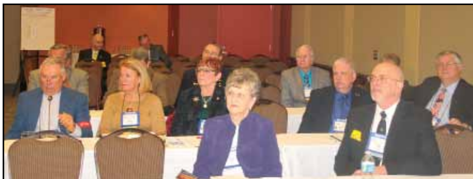
In Branson, newly installed 2014 District Governors participated in a training which included topics such as their legal responsibilities as Ruritan leaders, IRS 990 tax issues, insurance liability for Ruritan clubs, and ways to grow the organization.
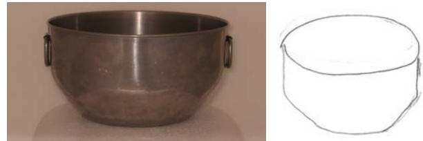
Figure 6. Shape constancy. A drawing of the pictured stimulus exaggerates certain features.

Inspired by her studio experience, a student in the course, Colleen Kirkhart, investigated a common drawing mistake caused by shape constancy. When faced with the task of drawing a cup or a bowl from the side, inexperienced students tend to render the top as more circular than they ought to be (Fig. 6). The student knows the object itself is circular and draws it as such, despite the fact that the retinal projection is of a narrow ellipse.

※

• THE PROBLEM
Give the data back exactly, omitting all pictures.

• ANSWER
In Branson, newly installed 2014 District Governors participated in a training which included topics such as their legal responsibilities as Ruritan leaders, IRS 990 tax issues, insurance liability for Ruritan clubs, and ways to grow the organization.
Figure 6. Shape constancy. A drawing of the pictured stimulus exaggerates certain features.

Inspired by her studio experience, a student in the course, Colleen Kirkhart, investigated a common drawing mistake caused by shape constancy. When faced with the task of drawing a cup or a bowl from the side, inexperienced students tend to render the top as more circular than they ought to be (Fig. 6). The student knows the object itself is circular and draws it as such, despite the fact that the retinal projection is of a narrow ellipse.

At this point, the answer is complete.